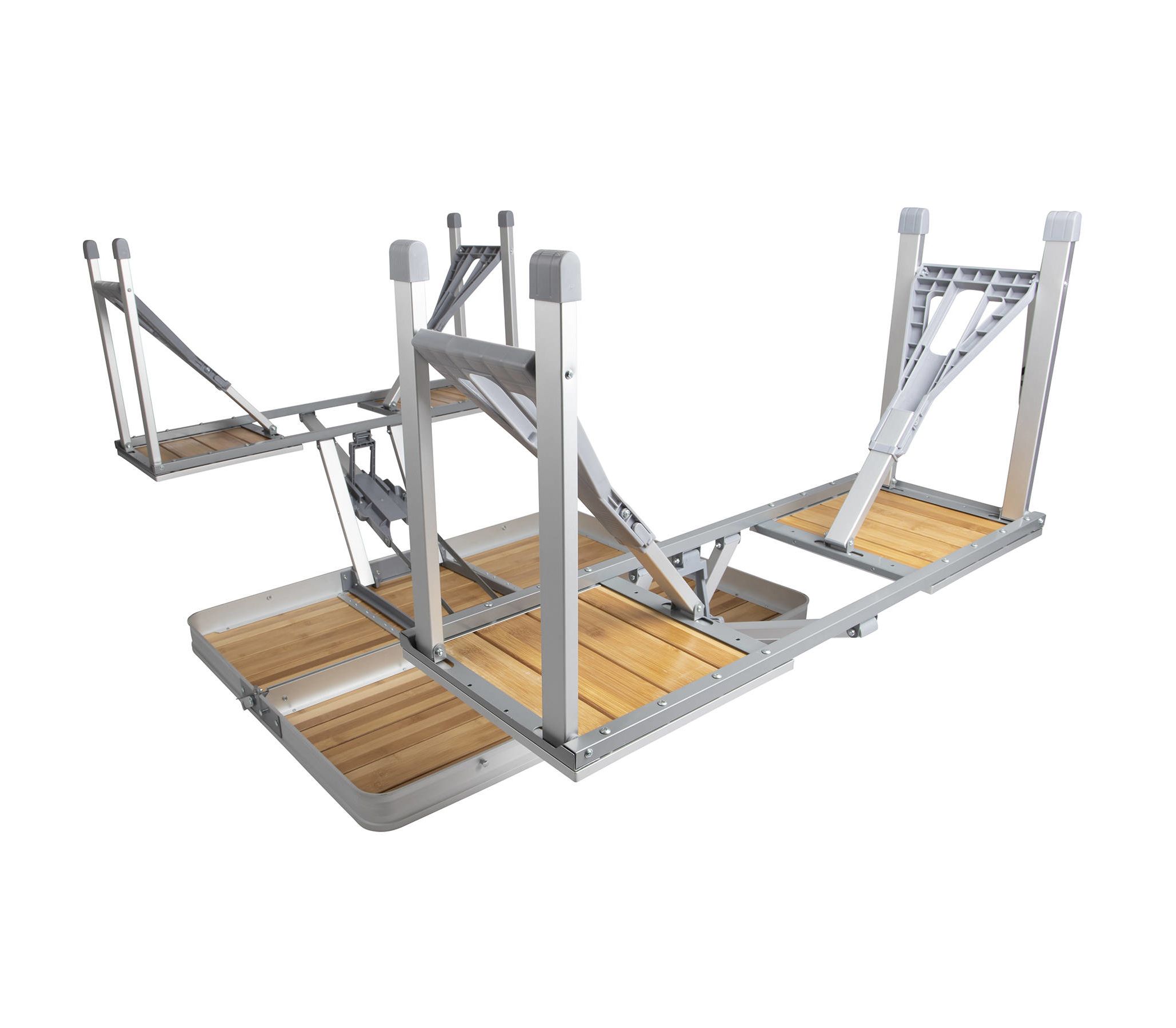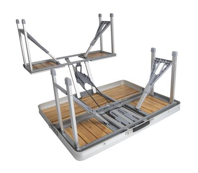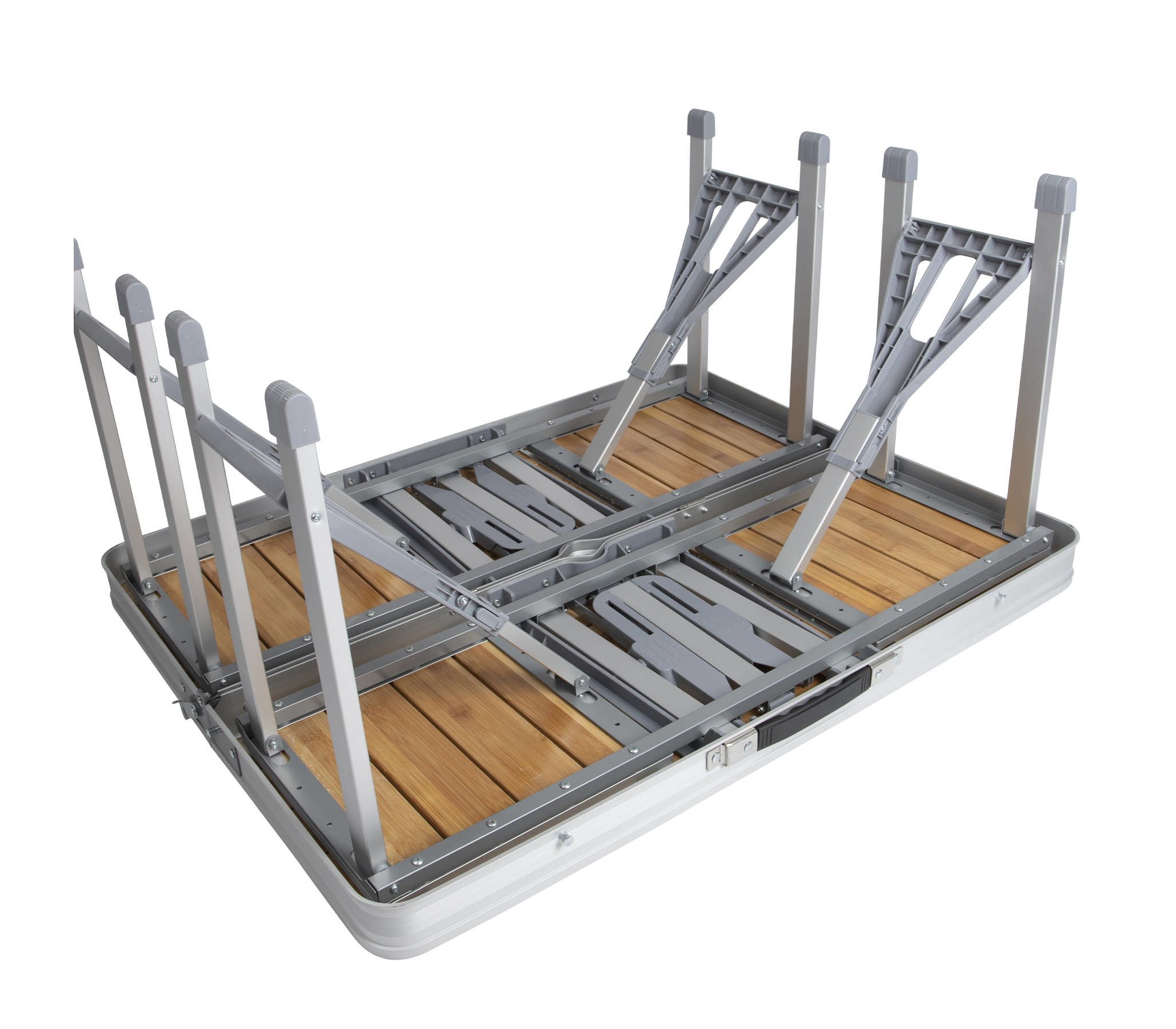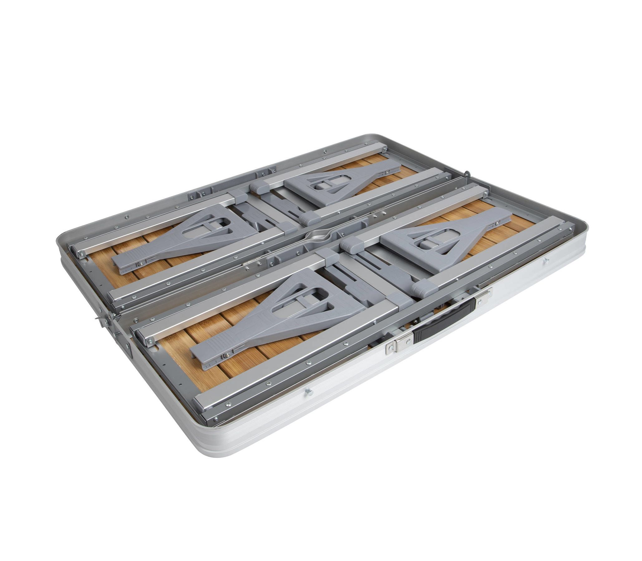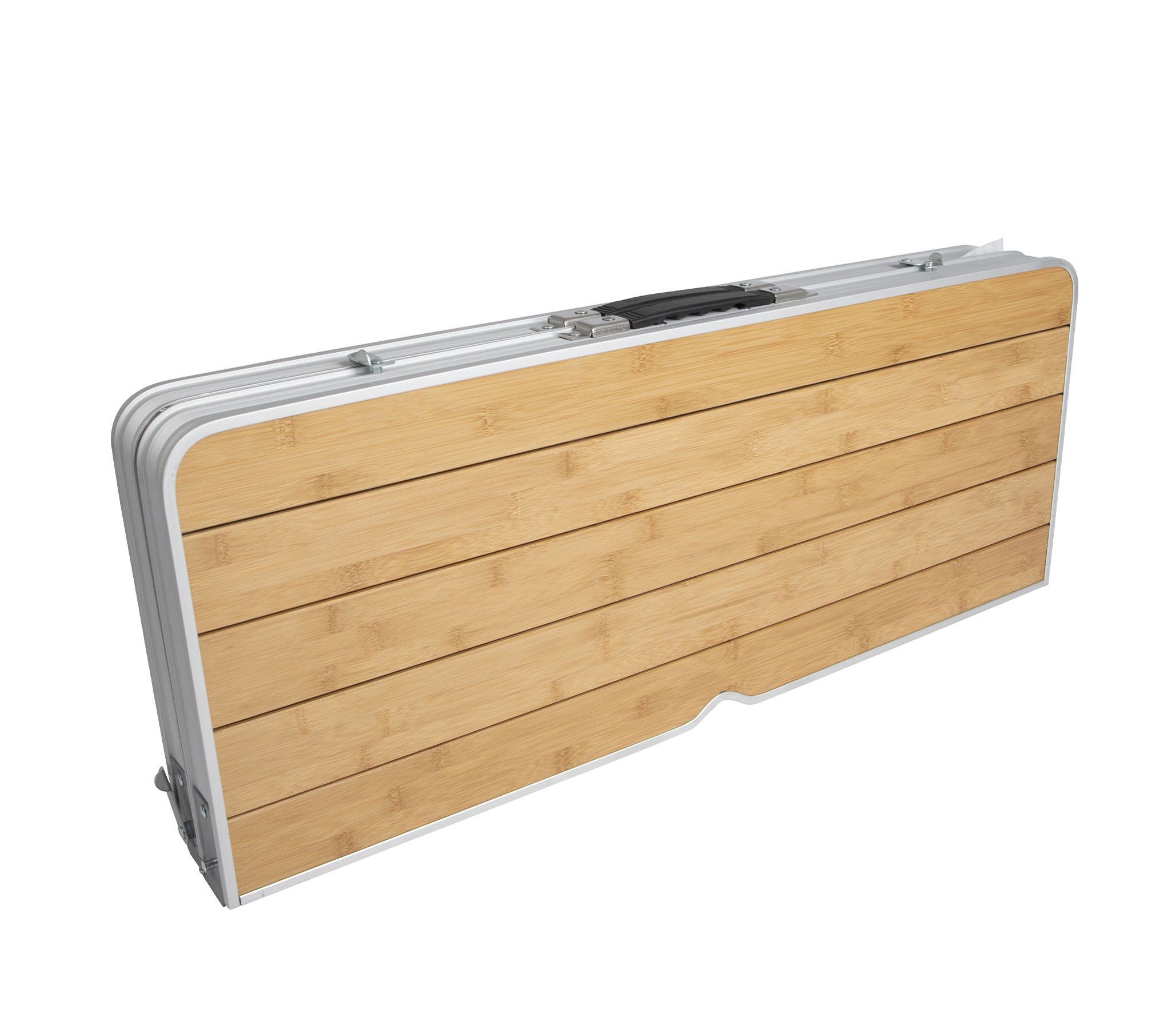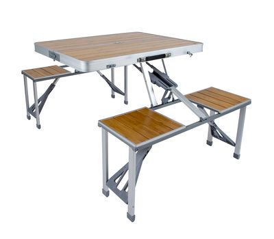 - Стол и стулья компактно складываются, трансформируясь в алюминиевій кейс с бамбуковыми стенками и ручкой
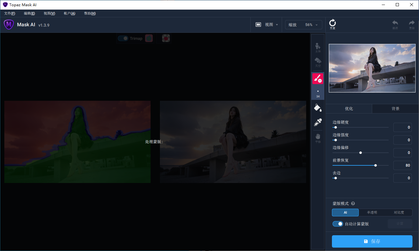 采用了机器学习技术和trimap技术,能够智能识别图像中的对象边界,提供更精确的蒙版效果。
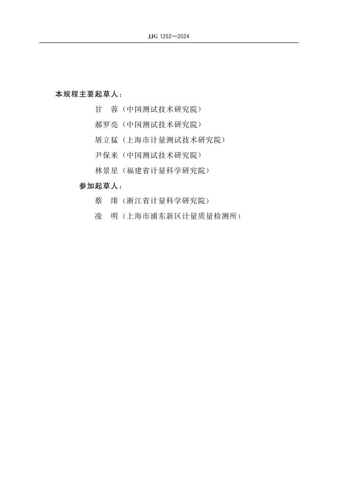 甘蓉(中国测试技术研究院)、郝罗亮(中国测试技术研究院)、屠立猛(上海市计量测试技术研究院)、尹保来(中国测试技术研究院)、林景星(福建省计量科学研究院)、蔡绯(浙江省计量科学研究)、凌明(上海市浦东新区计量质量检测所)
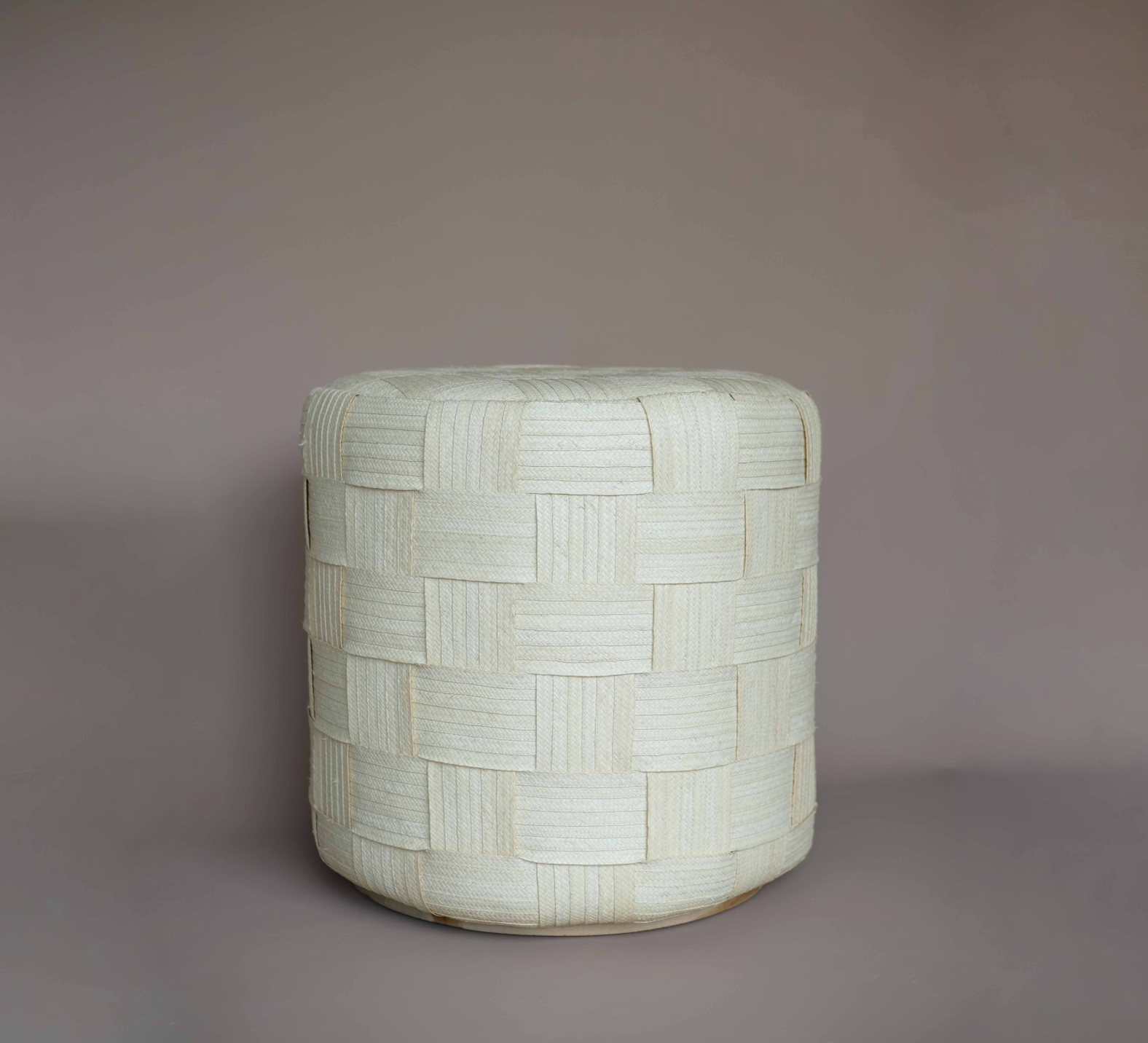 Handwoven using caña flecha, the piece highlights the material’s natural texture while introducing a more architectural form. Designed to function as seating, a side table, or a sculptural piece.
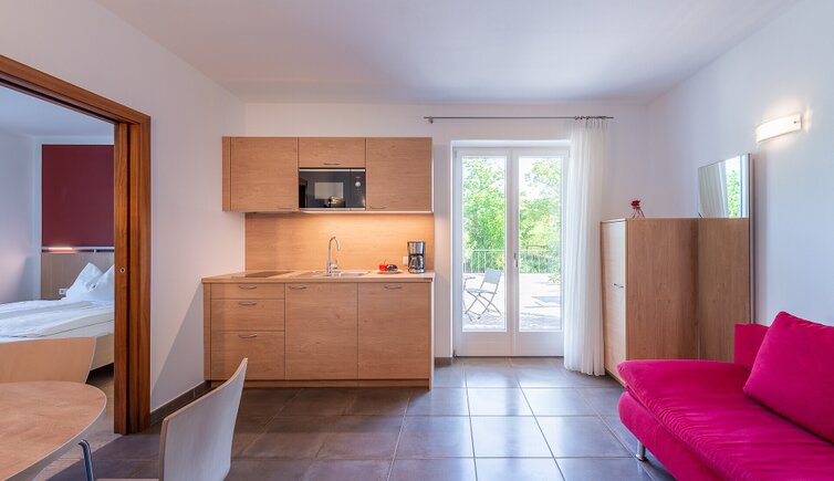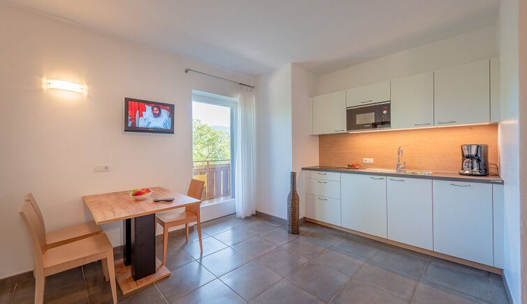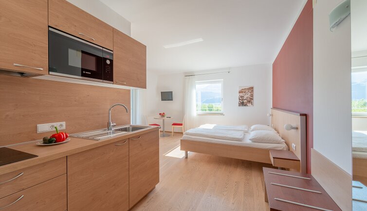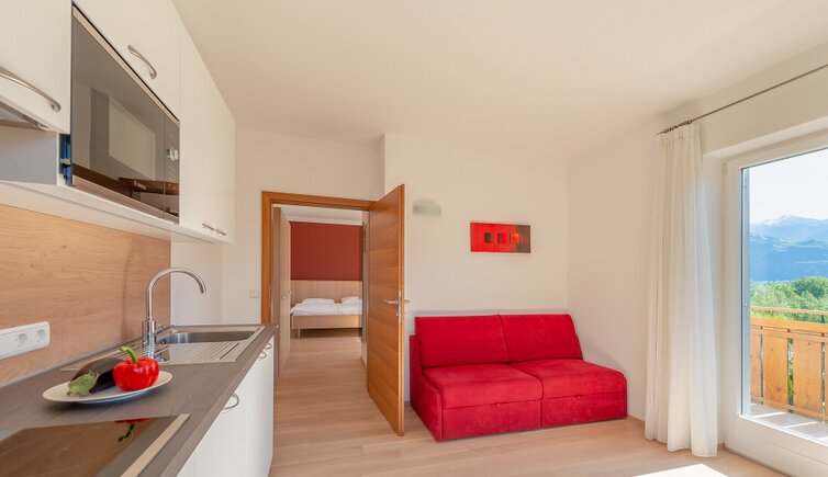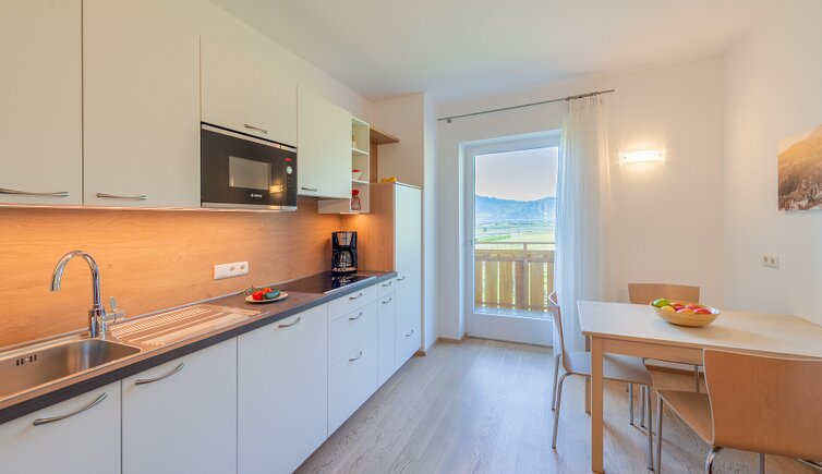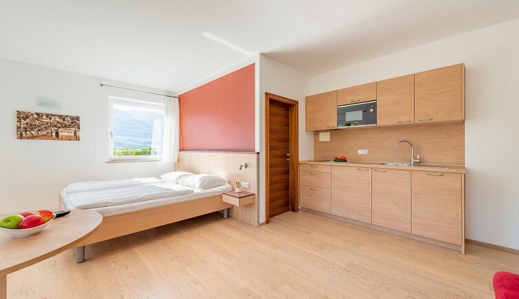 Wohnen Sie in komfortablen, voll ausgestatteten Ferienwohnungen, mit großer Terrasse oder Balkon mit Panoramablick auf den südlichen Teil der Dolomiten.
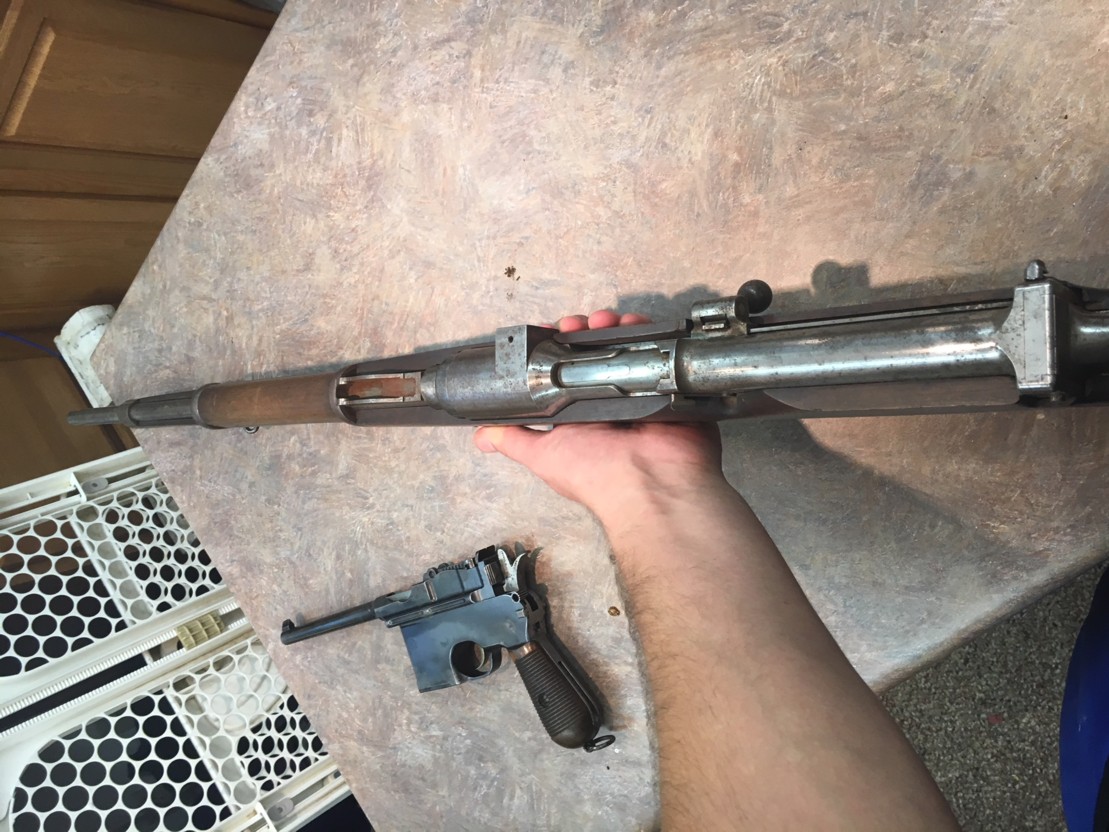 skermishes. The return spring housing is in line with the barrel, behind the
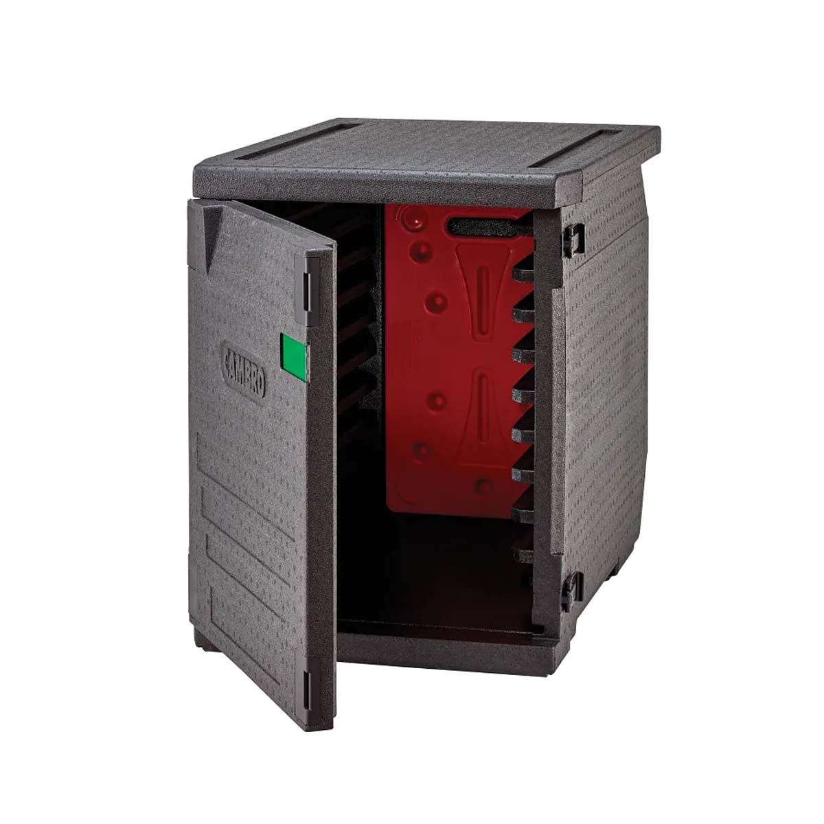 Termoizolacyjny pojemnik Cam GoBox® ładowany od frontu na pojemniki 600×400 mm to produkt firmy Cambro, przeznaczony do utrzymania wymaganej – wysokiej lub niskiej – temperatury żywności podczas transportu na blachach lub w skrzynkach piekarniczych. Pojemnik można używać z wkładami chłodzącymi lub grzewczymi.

▶ [EXERCISE]: Write back word for word every line in the entries above from the one with "Wohnen Sie in" to the one with "skermishes. The return", ends included, and none of the pictures.

▶ [TASK RESULT]:
 Wohnen Sie in komfortablen, voll ausgestatteten Ferienwohnungen, mit großer Terrasse oder Balkon mit Panoramablick auf den südlichen Teil der Dolomiten.
 skermishes. The return spring housing is in line with the barrel, behind the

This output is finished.